Supplied records:
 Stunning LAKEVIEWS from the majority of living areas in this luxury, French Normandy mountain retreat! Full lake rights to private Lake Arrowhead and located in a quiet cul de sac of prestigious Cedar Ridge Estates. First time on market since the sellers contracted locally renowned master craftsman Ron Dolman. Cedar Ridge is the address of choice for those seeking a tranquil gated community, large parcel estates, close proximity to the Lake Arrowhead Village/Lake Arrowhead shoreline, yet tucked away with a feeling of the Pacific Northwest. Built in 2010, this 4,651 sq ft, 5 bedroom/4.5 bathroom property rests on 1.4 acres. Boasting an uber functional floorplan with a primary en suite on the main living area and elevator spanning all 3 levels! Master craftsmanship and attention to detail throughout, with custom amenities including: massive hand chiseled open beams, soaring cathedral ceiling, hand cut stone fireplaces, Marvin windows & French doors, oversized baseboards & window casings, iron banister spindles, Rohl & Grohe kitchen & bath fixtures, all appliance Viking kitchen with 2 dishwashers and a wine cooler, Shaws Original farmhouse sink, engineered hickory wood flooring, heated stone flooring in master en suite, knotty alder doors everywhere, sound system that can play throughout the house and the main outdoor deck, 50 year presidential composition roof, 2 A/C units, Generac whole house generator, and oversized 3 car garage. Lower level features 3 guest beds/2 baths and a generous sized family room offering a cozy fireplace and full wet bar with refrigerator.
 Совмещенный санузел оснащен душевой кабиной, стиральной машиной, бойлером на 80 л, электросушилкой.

...

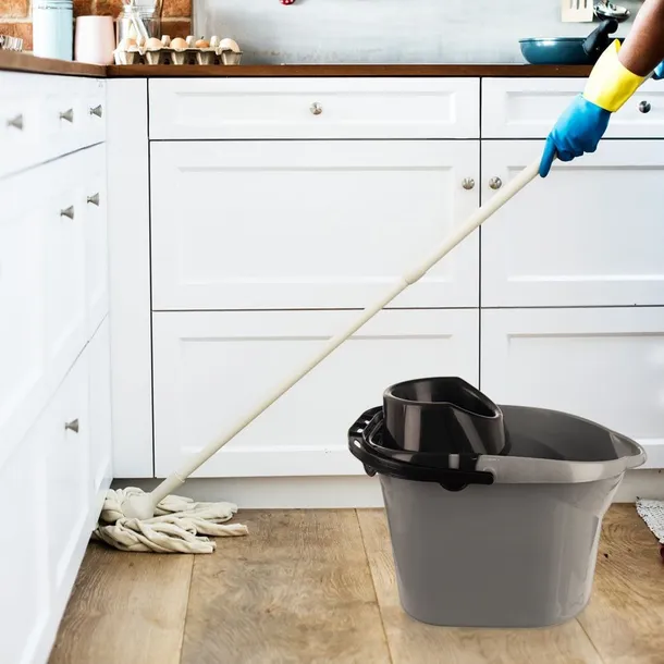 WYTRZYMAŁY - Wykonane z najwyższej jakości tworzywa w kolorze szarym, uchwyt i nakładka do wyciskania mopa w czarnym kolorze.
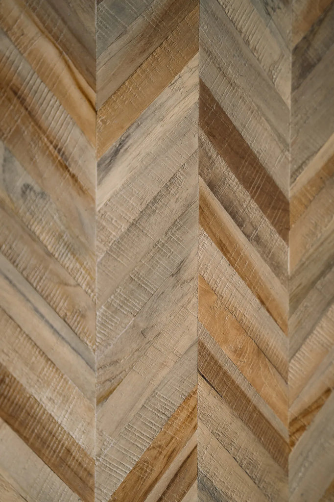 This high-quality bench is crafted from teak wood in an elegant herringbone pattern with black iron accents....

Task prompt: Starting with the line that has "WYTRZYMAŁY - Wykonane" and ending with the line that has "This high-quality bench", repeat the lines above exactly, omitting every picture.

Exercise solution:
 WYTRZYMAŁY - Wykonane z najwyższej jakości tworzywa w kolorze szarym, uchwyt i nakładka do wyciskania mopa w czarnym kolorze.
 This high-quality bench is crafted from teak wood in an elegant herringbone pattern with black iron accents....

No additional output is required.